§ Input material
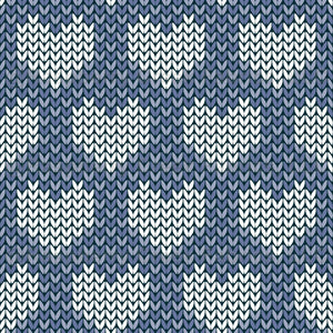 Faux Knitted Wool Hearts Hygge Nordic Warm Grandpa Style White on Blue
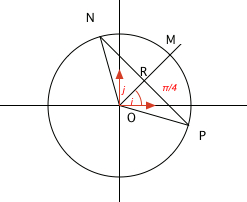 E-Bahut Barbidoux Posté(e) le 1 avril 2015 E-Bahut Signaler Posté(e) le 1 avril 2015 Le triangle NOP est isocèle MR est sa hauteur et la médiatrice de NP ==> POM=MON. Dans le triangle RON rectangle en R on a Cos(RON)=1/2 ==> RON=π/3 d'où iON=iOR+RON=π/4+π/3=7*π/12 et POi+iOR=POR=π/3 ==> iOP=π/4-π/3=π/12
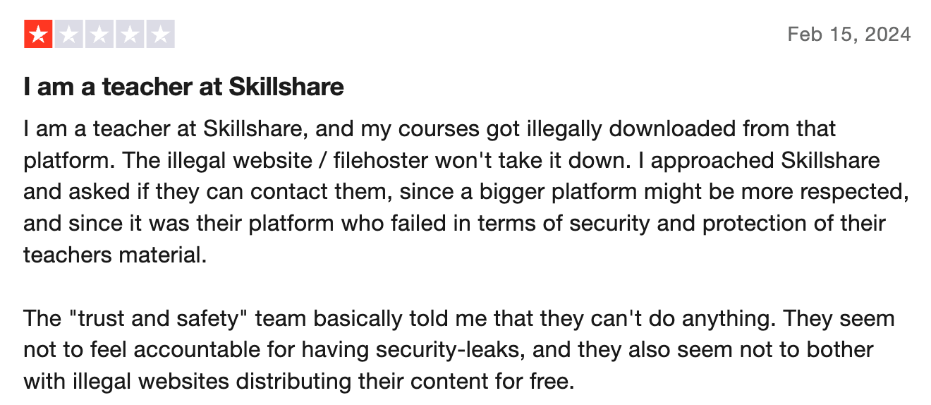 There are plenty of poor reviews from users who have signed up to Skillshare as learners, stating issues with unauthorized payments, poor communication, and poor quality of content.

* * *

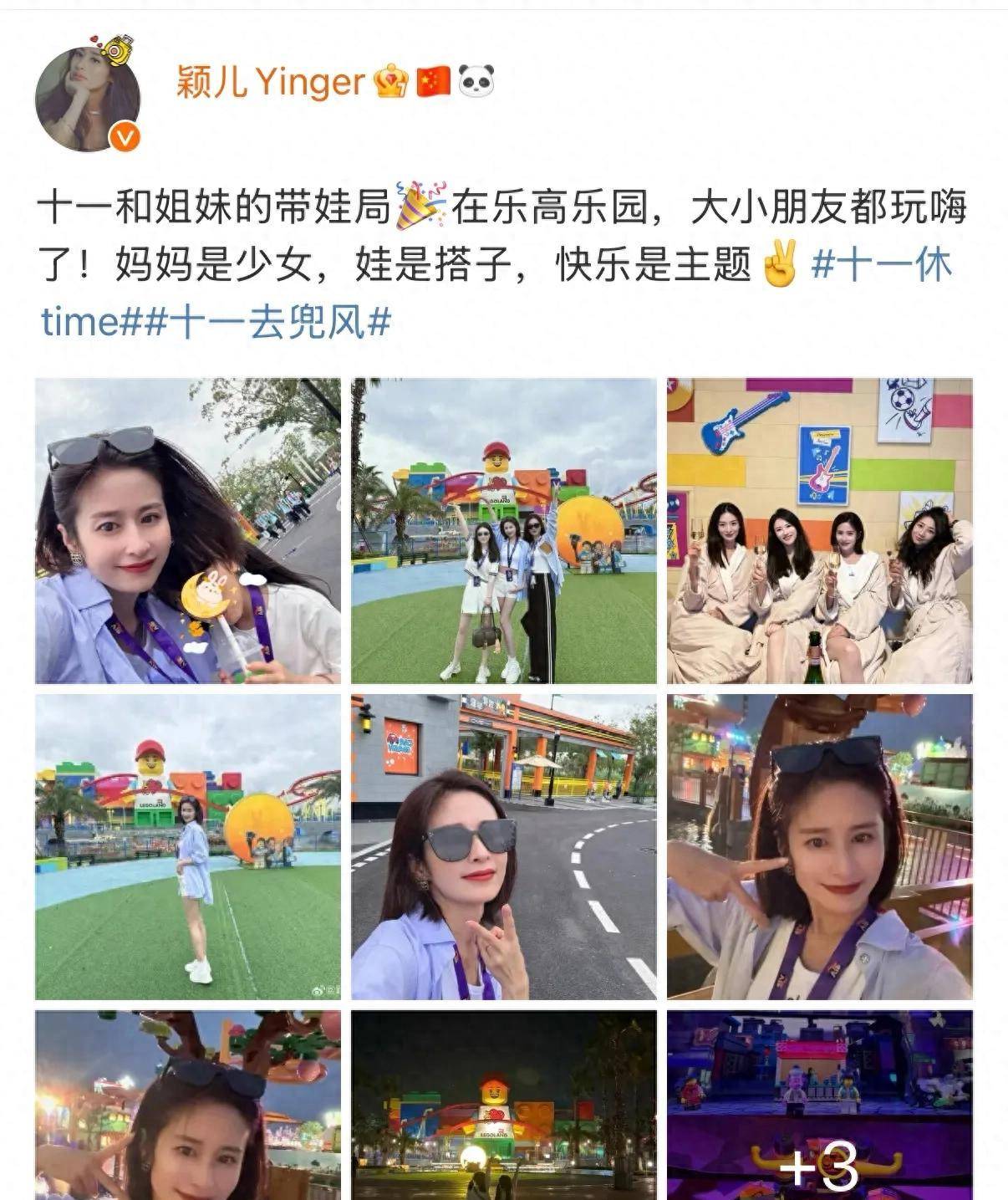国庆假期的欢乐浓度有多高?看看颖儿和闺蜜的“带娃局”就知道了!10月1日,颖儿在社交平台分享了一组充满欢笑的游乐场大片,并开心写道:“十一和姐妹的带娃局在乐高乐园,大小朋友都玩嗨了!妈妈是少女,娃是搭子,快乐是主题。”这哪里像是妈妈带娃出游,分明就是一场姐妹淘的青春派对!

§ What to do
The material above holds pictures; leave them out. Repeat exactly the lines from the one containing "E-Bahut Barbidoux Posté(e)" through the one containing "There are plenty", and nothing else.

§ Your response
 E-Bahut Barbidoux Posté(e) le 1 avril 2015 E-Bahut Signaler Posté(e) le 1 avril 2015 Le triangle NOP est isocèle MR est sa hauteur et la médiatrice de NP ==> POM=MON. Dans le triangle RON rectangle en R on a Cos(RON)=1/2 ==> RON=π/3 d'où iON=iOR+RON=π/4+π/3=7*π/12 et POi+iOR=POR=π/3 ==> iOP=π/4-π/3=π/12
 There are plenty of poor reviews from users who have signed up to Skillshare as learners, stating issues with unauthorized payments, poor communication, and poor quality of content.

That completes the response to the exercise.